Government to scrap no-fault evictions

Michael Lloyd

April 15, 2019

The government will consult on legislation to abolish Section 21 evictions (no-fault evictions) to prevent private landlords from removing tenants at short notice.

Currently after a fixed-term contract ends landlords can give tenants eight weeks’ notice and evict renters without a reason.

Housing and communities secretary, Rt Hon James Brokenshire MP, said: “By abolishing these kinds of evictions, every single person living in the private rented sector will be empowered to make the right housing choice for themselves – not have it made for them.

“And this will be balanced by ensuring responsible landlords can get their property back where they have proper reason to do so.

“We are making the biggest change to the private rental sector in a generation. We are creating homes, opportunities and thriving communities, where people can come together and put down roots, bound by a strong sense of belonging.

“Everyone has a right to the opportunities they need to build a better life. For many, this means having the security and stability to make a place truly feel like home without the fear of being evicted at a moments’ notice. We are building a fairer housing market that truly works for everyone.”

Under the proposals, landlords will have to provide a concrete, evidenced reason already specified in law for bringing tenancies to an end.

And ministers will amend the Section 8 eviction process, so property owners are able to regain their home should they wish to sell it or move into it.

Court processes will also be expedited so landlords are able to swiftly and smoothly regain their property in the rare event of tenants falling into rent arrears or damaging the property.

Paul Wootton, Nationwide’s director of home propositions, added: “Removing the uncertainty and insecurity caused by short-term tenancies and the constant threat of eviction is an important step in creating a modern private rented sector.

“Nationwide has been calling on government for some time to introduce indefinite tenancies and we welcome their commitment on this issue.

“Tenants who are paying rent and not breaching tenancy agreements should be able to stay in their home unless the landlord has legitimate reasons for ending the tenancy.

“Our own research amongst tenants showed half had already lived in their current home for three or more years showing how unsuitable tenancies with fixed terms of six or 12 months are for those living in the sector.

“This is particularly important for people looking to put down long term roots in an area and those who want the stability home owners enjoy like knowing their children can keep attending the same school.

“It will be important to ensure more efficient court processes are put in place to help support a reformed eviction process.
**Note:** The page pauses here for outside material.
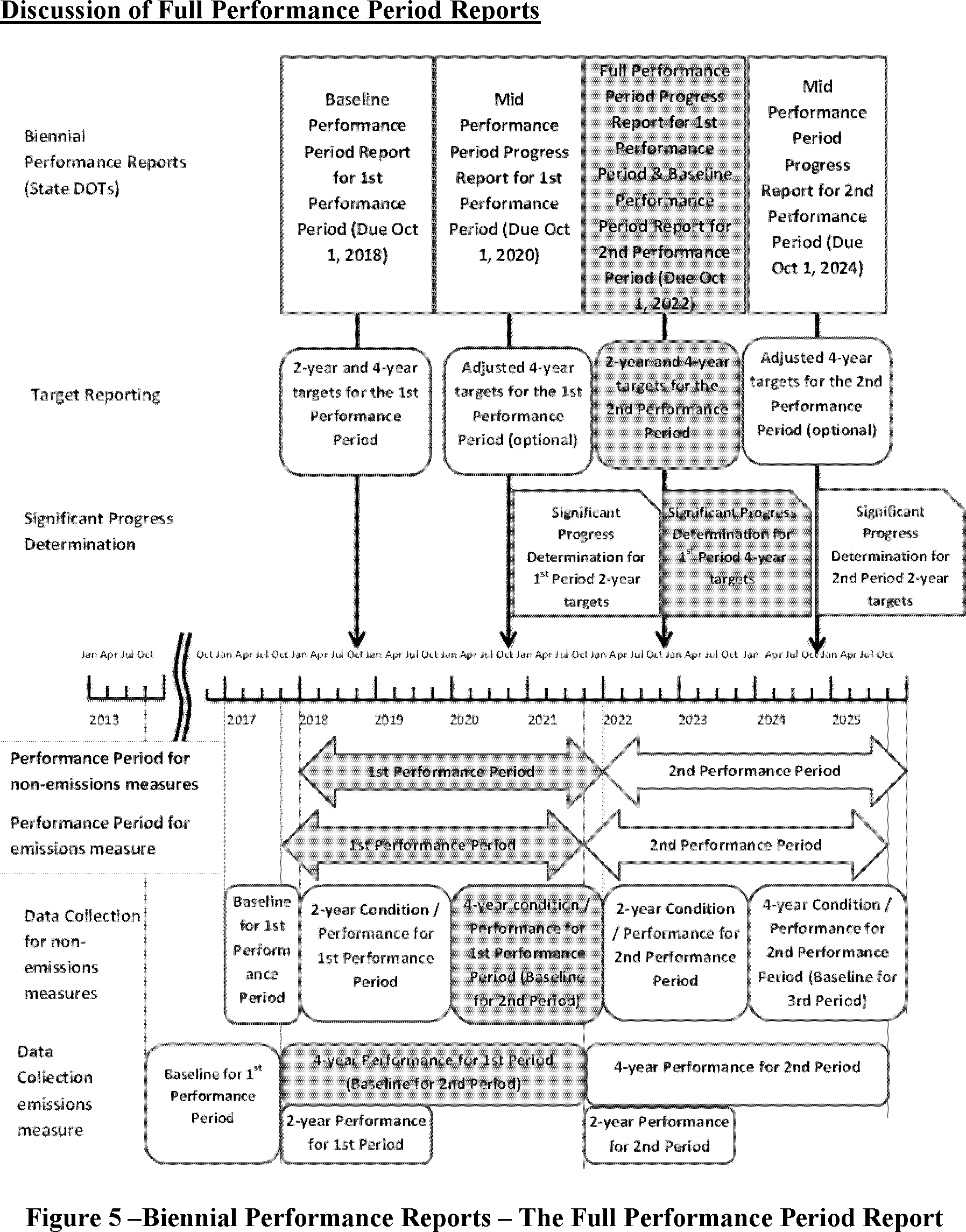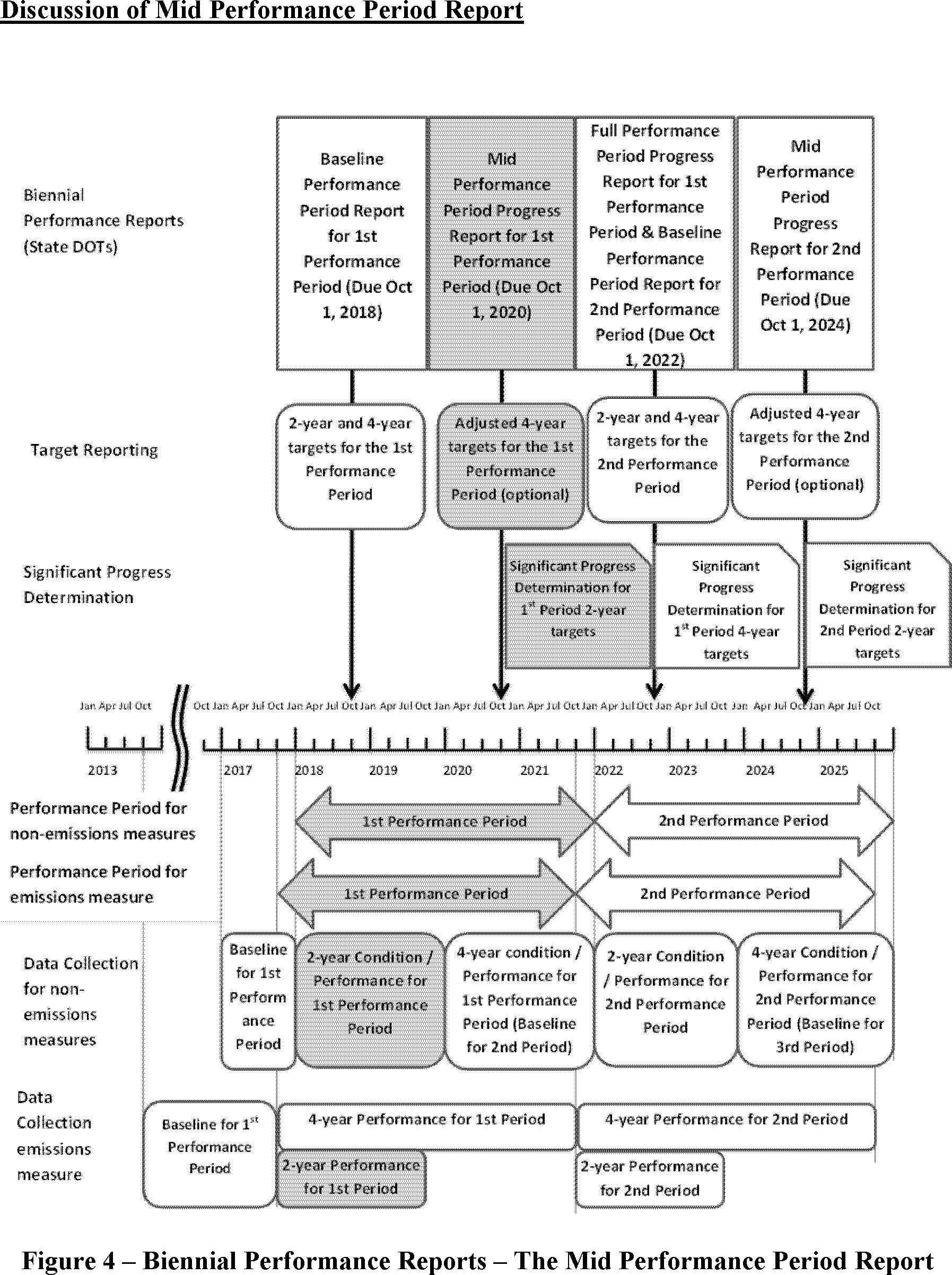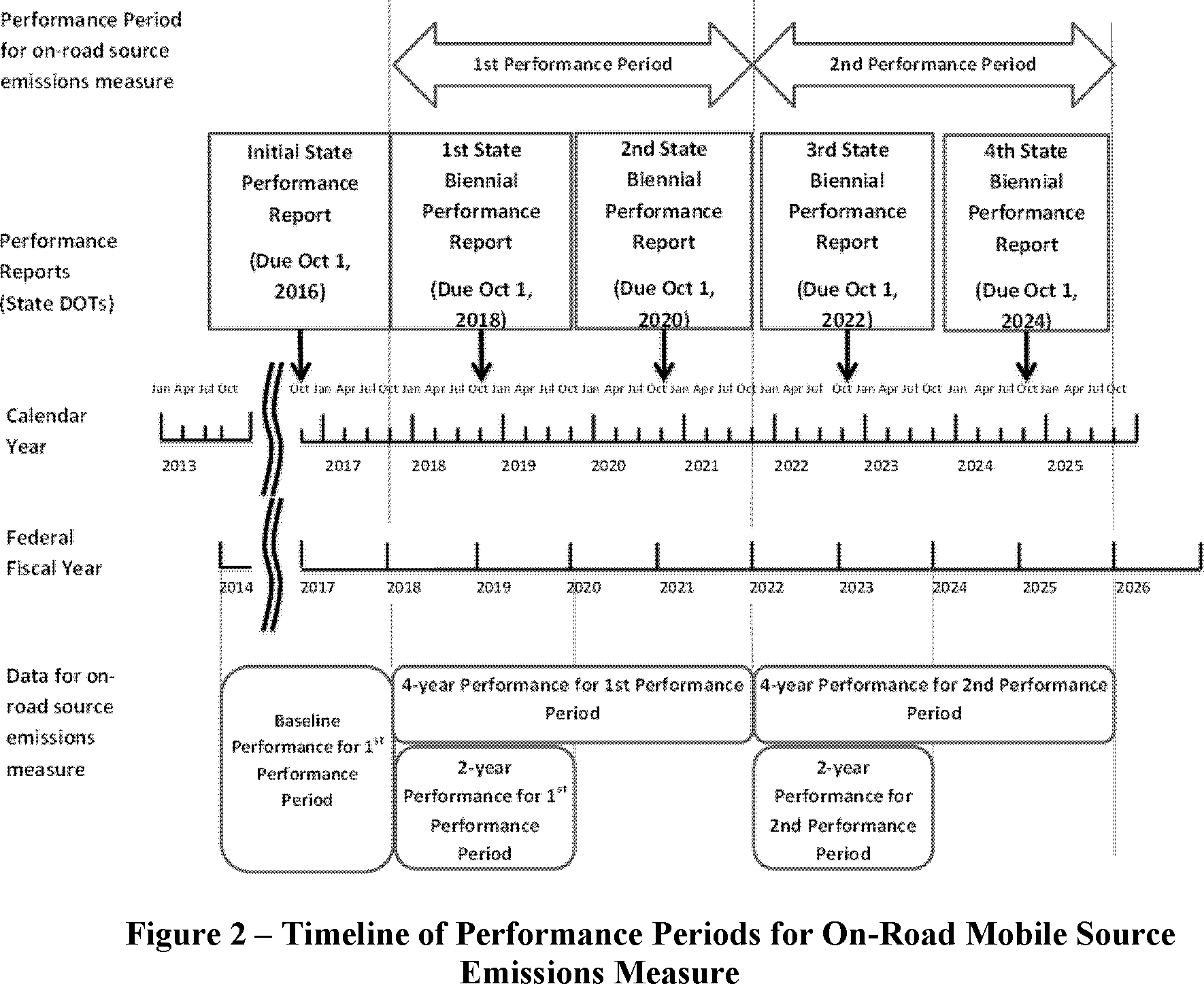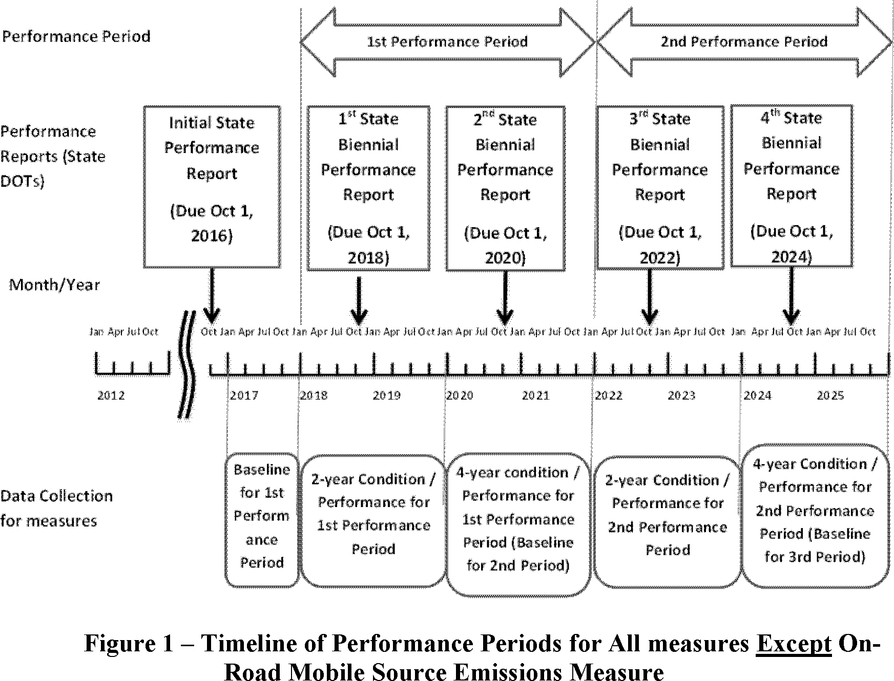 Based on the timing of each individual rulemaking, FHWA would provide additional guidance to stakeholders on how to best integrate the new requirements into their existing processes. Under this approach, FHWA expects that even though the implementation for each rule would occur after each final rule is published, implementation for the second and the third performance measure final rules would ultimately be aligned through a common performance period. In the second performance management measure NPRM, FHWA proposed that the first 4-year performance period would start on January 1, 2016. However, FHWA proposes in this NPRM that the first performance period would begin on January 1, 2018. This would align the performance periods and reporting requirements for the proposed measures in the second and third performance management measure NPRMs. The FHWA has placed on the docket a timeline that illustrates how this transition could be implemented.[3]

Where there are problems with a tenancy – for example non-payment of rent, damage to the property and antisocial behaviour – landlords should be able to evict tenants quickly and current processes take too long or are insufficient.”
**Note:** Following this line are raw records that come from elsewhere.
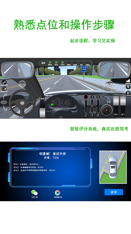 这款应用有几个非常实用的特色功能,能显著提升我们的练习效率。一是灵活的视角切换,支持第一人称、第三人称和俯视视角自由切换,练车时用横屏,刷题时用竖屏,操作非常顺畅。二是独具匠心的趣味回放功能,练习结束后可以完整回放自己的操作过程,特别是失败时能清楚看到问题出在哪一个环节,并且可以直接调回到失败前重试,节省了大量摸索时间。三是提供了AI教练全程陪伴,在练习中一旦出现压线、熄火或忘记打转向灯等错误,会立即得到语音提示和反馈。练习结束后还能生成详细的报告,标注扣分点和行驶轨迹图,让提升方向一目了然。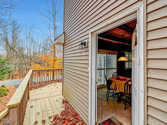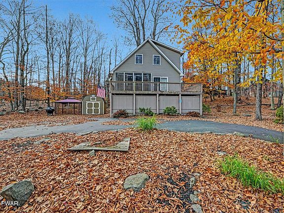 Come see this 3 bedroom, 2 bath Chalet in amenity filled community of Wallenpaupack Lake Estates. First floor offers open concept kitchen, dining and living area with one bedroom and a combination bathroom/laundry area. The second floor has a large primary bedroom with a primary bathroom and an additional bedroom. The basement is partially finished with so much potential with future living space. Circular paved driveway provided plenty of parking area. Recently replaced roof, gutters and deck boards adds additional value to this already great house. The community offers 2 great outdoor pools, interior lakes for swimming and kayaking, indoor pool, gym, sauna, and access the Big Lake (Lake Wallenpaupack) which provides an array of water activities. House is being sold with most of the contents.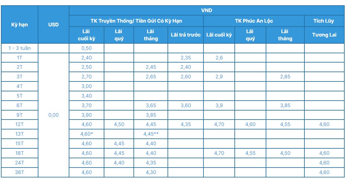 Trong đó, biểu lãi suất ACB đang áp dụng là 2,4 - 4,6%, tuỳ từng kỳ hạn. Trong đó, lãi suất ACB thấp nhất là 2,4%, khi khách hàng gửi tiết kiệm 1 tháng.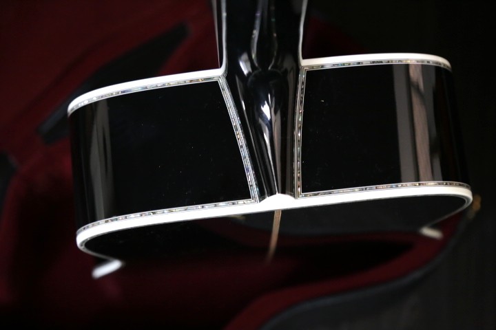 カスタムされたブラックの塗装に、貝細工のインレイが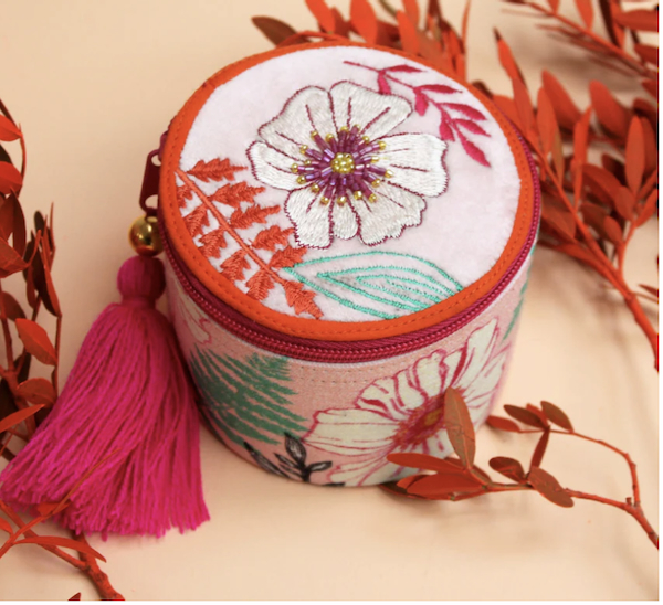Rundes Schmuckkästchen aus Samt mit besticktem Blumenmotiv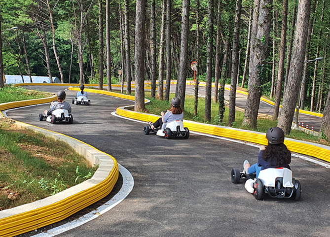 특히, 주변의 울창한 숲과 푸른 하늘이 어우러지는 풍경은 일상에서 벗어나 자연과 하나 되는 기분을 느끼게 합니다. 또한, 체험장에는 방문객들을 위한 쉼터와 간단한 음료를 제공하는 카페도 마련되어 있어 카트를 타며 지친 몸을 잠시 쉬어갈 수 있습니다.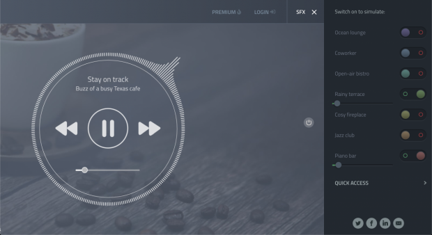 Der Name ist Programm – und Hipstersound scheint sich selbst nicht allzu ernst zu nehmen. Der Dienst bietet euch verschiedene Restaurant- und Café-Soundkulissen, zu denen ihr weitere Geräusche wie Regen und Kaminfeuer zuschaltet, aber auch lässige Jazz-, Piano- und Gitarrenmusik. Im kostenlosen Webdienst sind nur drei Umgebungen verfügbar, weitere bekommt ihr im Premium-Modell. Das bringt außerdem Zusatzfeatures wie einen Regengeräuschsimulator und einen Generator für Rauschen verschiedener Frequenzen.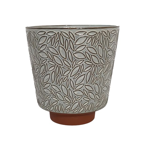 Clarissa Leaf Pot with Terracotta Base, 7.75" x 8.25", Glazed Chiffon, Case of 4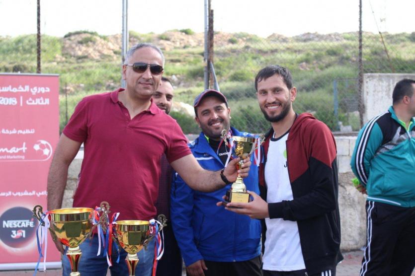 وفي نهاية البطولة تم تتويج الفرق الفائزة بحضور داني غانم ممثل شركة نستله التجارية وإدارة شركة سمارت وممثلي الفرق المشاركة، وقد تم تقديم جوائز أفضل حارس مرمى اللاعب فارس من مدى، وأفضل لاعب محمد الريماوي من جراند فارم، وهداف البطولة أحمد مساعد من البنك العربي والفريق المثالي بنك فلسطين ، وكأس المركز الثالث جوال وكأس المركز الثاني وميداليات فضية البنك العربي وكأس المركز الأول وميداليات ذهبية فريق جراند فارم.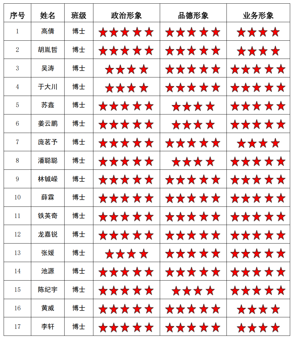 无码av 博士生一支部 2022-2023学年第二学期“五星”评价结果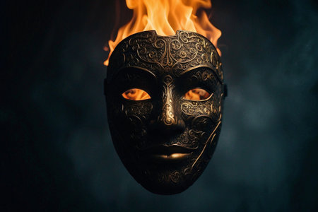 Man in a carnival mask with fire on a black background.

The government’s decision to ban no-fault evictions has been welcomed by many. It follows a campaign by a coalition of renter unions and housing campaigns including Generation Rent, ACORN, London Renters Union, Tenants Union UK and the New Economics Foundation.

Dan Wilson Craw, director of Generation Rent, said: “Eleven million people in England have no idea where home will be in a year’s time, thanks to Section 21.

“The ability of landlords to evict without reason is disrupting educations, eroding our communities, and leaving tenants feeling powerless. The government has listened to renters and has made the right decision.”

However, David Cox, chief executive, ARLA Propertymark, added: “Today’s news could be devastating for the private rented sector and landlords operating within it.

“The effects of the tenant fees ban have not yet been felt, and now the government is introducing more new legislation which could deter landlords from operating in the market.

“Although in the majority of cases there is no need for Section 21 to be used, there are times when a landlord has no choice but to take action and evict tenants from a property.

“Until we have greater clarity on the changes planned for Section 8, today’s news will only increase pressure on the sector and discourage new landlords from investing in buy-to-let properties. This comes at a time when demand is dramatically outpacing supply and rent costs are rising.”

ARLA Propertymark will be engaging with the government to ensure they fully understand the consequences of any changes, and all changes are based on evidence, so landlords have the ability to regain their properties if needed.